Conto - Surfista sem braço

em terça-feira, 28 de junho de 2016

The Great Wave Off  Kanagawa- Katsushika Hokusai

— Como é viver sem um braço? — Pergunta meu imenso amigo.

— Não sei dizer. — respondo, preguiçoso. — Seria como perguntar a você como é ser o mar.

— Não saberia responder.  Só sei que juntos, eu e você, somos o oceano.

Estou de bruços e fecho os olhos para sentir as ondas sob a prancha. Aquele movimento suave me faz sentir aconchegado no mundo. Meu braço esquerdo — o inteiro — escorrega  para água e sinto sua carícia suave, gelada.

Eu era um menino quando o Mar falou comigo pela primeira vez. Ele me chamava para uma missão especial. Uma missão para aqueles que pudessem ouvi-lo. E eu era um deles.
Perguntei onde estavam os outros recrutas. “ Você é o meu recruta. Cada mar tem um. Ou deveria ter. Se tiver a sorte de achar quem o ouça.”

Naquele dia eu não voltei para Os Saltins. Éramos uma grande família sem parentes. Vivíamos juntos sob a lona esmaecida, pulando daqui pra lá. Eles já estavam se preparando para rumar até a próxima cidade, e eu sabia que poderia passar muito mais tempo longe do mar. Talvez nunca mais o reencontrasse.

Não posso dizer que foi fácil dizer adeus para a única vida que eu conhecia. Mas como todo garoto impetuoso no alto dos seus nove anos, não poderia negar minha missão. Finalmente eu tinha uma função no mundo, era um escolhido do Mar. Ou, pelos menos viria a ser, se tivesse coragem de enfrentar o meu pior medo. Eu tinha muito medo de morrer.

Um sussurro quebra o fluxo de minhas memórias “Ei, vou te dar uma onda. Reme, deslize até a linha.”

Remo até lá, sinto o ponto e logo estou no túnel de água e sal. A onda perfeita, o momento da dança. A prancha sobe e meu corpo junto, deslizando para a crista, enquanto minha mente mergulha para longe, numa queda de lembranças e entrega.

Eu tinha nove anos mais uma vez. Ouvia os sussurros marítimos me dizendo o que devia fazer. Corri para o alto do penhasco. Fechei os olhos com força. Os joelhos cediam e o coração estourava na cabeça. “Para nascer de novo é preciso morrer primeiro”. Era o que o Mar me dizia. Lembro de ter pensando por um segundo se eu realmente nasceria mais uma vez.

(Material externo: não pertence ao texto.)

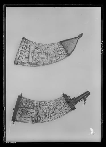 Keywords: Kruthorn - Livrustkammaren - 68950.tif LSH artwork sv Kruthorn av gulvitt plattpressat horn med graverad dekor på smalsidorna enkla flätband på baksidan tre fält med koncentriska cirklar mot streckad bakgrund Framsidans två fält avdelas av streckade trädstammar I det v större fältet finns en sittande dam iförd 1530-tals dräkt med pipkrage h arm håller om en avbruten kolonn Beständighet med påskrift Fortitudo tapperhet ståndaktighet I h hand håller hon en plym lascivitas lättfärdighet Vid kolonnbasen årtal 1591 I h fält en mustaschprydd krigare med hjälm sköld och spjut Tolkning ståndaktigheten ger vika för lättfärdighet <br/><br/>Botten av stål med rak sarg två skruvhål Munstycke tillplattad kon av mässing tillsluten med platt träknopp med små vingar Två graverade bågar vid mynningen Sågtandad nederkant med punkter ränder och våglinje två skruvar Ciselerat BPS På baksidan 1812 På hornet märkning 5667 Munstycke + propp l 99 mm original caption kruthorn - LRK 2948 2993 3107 1591 g 300 size mm 207 170 38 LRK Samuel Jönsson place of origin original filename LN_B01768_004648 39568 inventory number LRK 2958 68950 CC0 Kruthorn - Livrustkammaren - 68950-negative tif Powder horns Media contributed by LSH unmatched objKeyword Media contributed by LSH 2013-10 |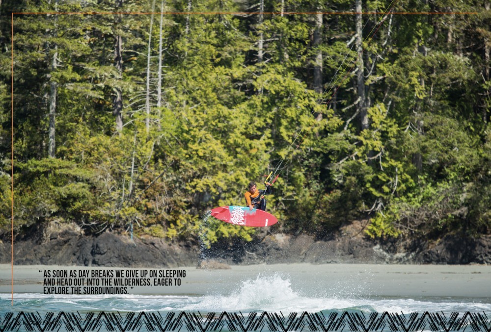 Islands and reefs form a barrier around the bay, high enough to protect it from the chop, but low enough not to break the wind. It seems very promising! The spot is beautiful. The beach and the islands are lined with huge pine trees. As the sun sets we see the Brooks Peninsula in the distance, all we need now is the wind!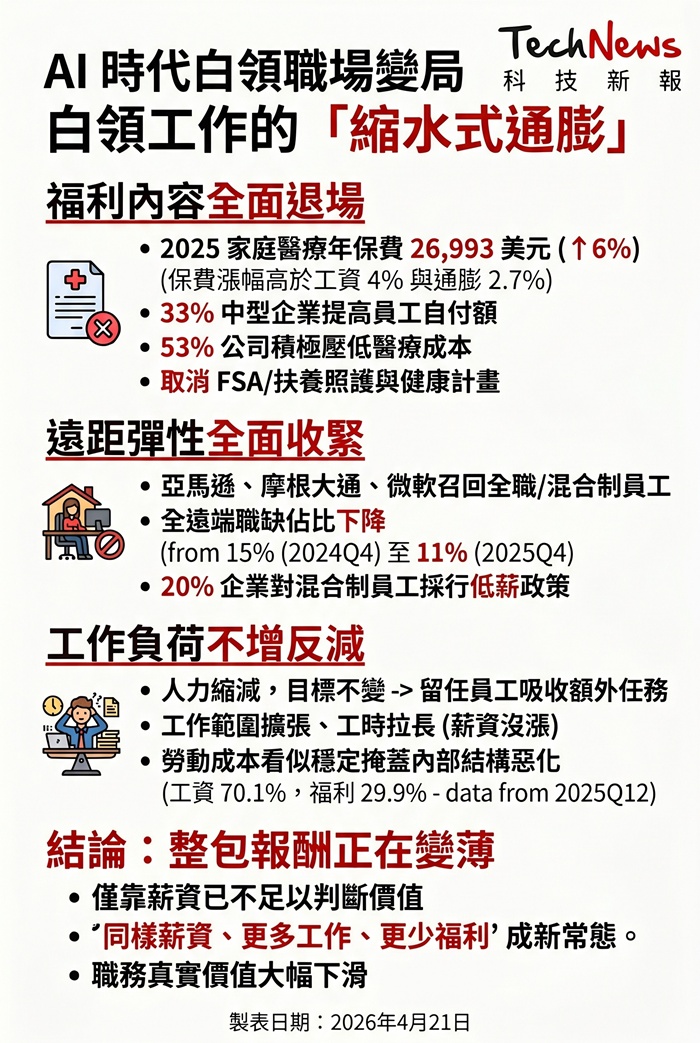 在 AI 加速重塑白領工作的背景下,表面上看起來穩定的薪資,可能掩蓋了整體職務價值的下滑。多項最新調查顯示,雇主正在從健康保險、彈性支出帳戶到居家辦公彈性,逐步削減白領工作原本具備的非薪資報酬,甚至在不加薪的情況下,把更多工作量壓到留任員工身上。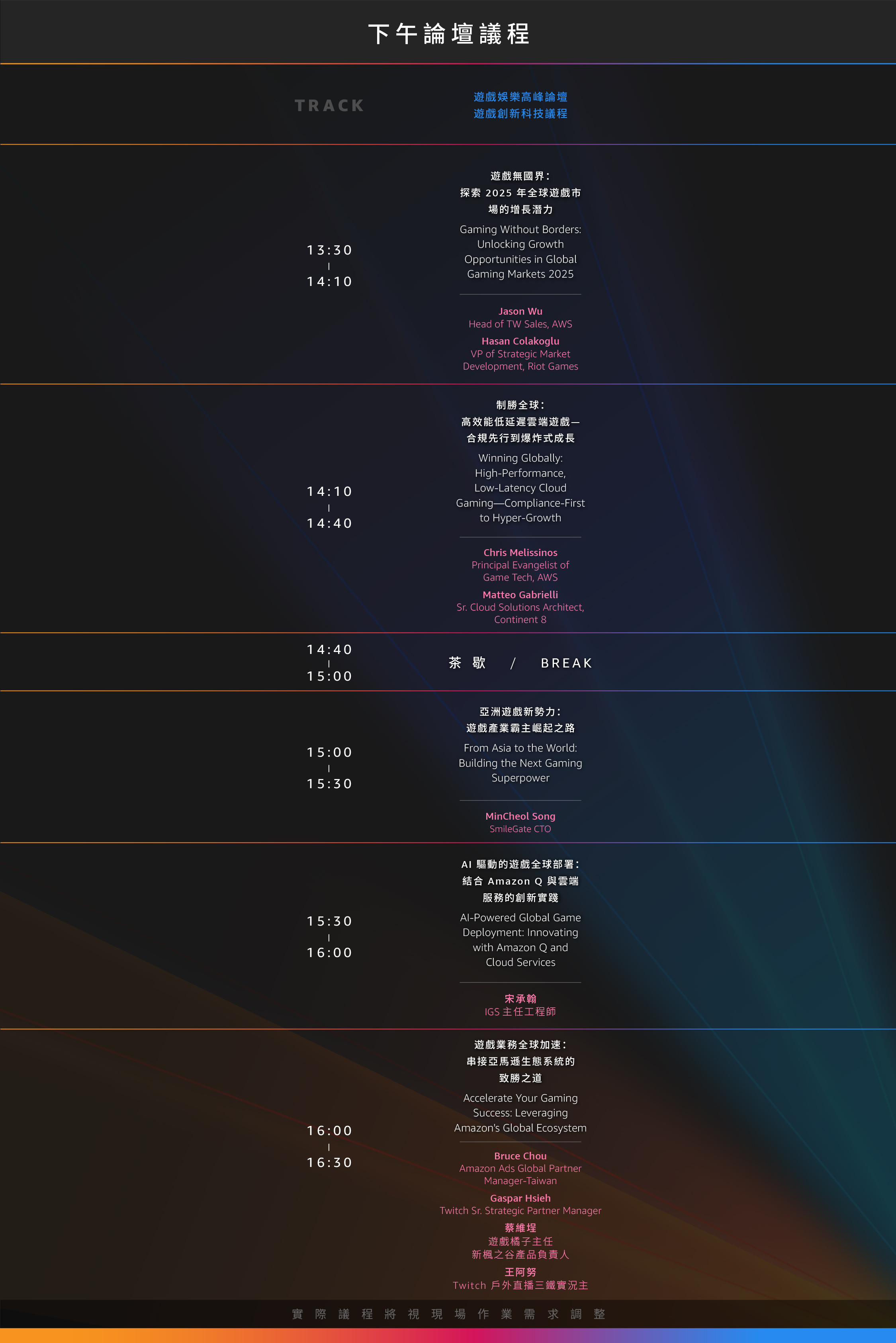 來自美國、日本、韓國、新加坡等全球遊戲娛樂強國的產業專家 ,與台灣遊戲開發先驅齊聚一堂,深入探討2025遊戲產業的無限可能!

Abri os braços e me deixei cair num salto de morte e fé. O corpo pequeno, batendo no espelho de água dura. A mesma água que logo queimaria os meus pulmões, me sufocaria.

“Agora você é meu cigano do mar, Allan, o acordo está selado. Está morto para o passado e vivo para o presente”.

A onda finda e logo chego à praia. Sento na areia molhada, a mesma areia onde o Mar me deixou há tantos anos. É sempre assim quando nos reencontramos. Cada onda que pego é uma nova entrega. Morro e torno a viver.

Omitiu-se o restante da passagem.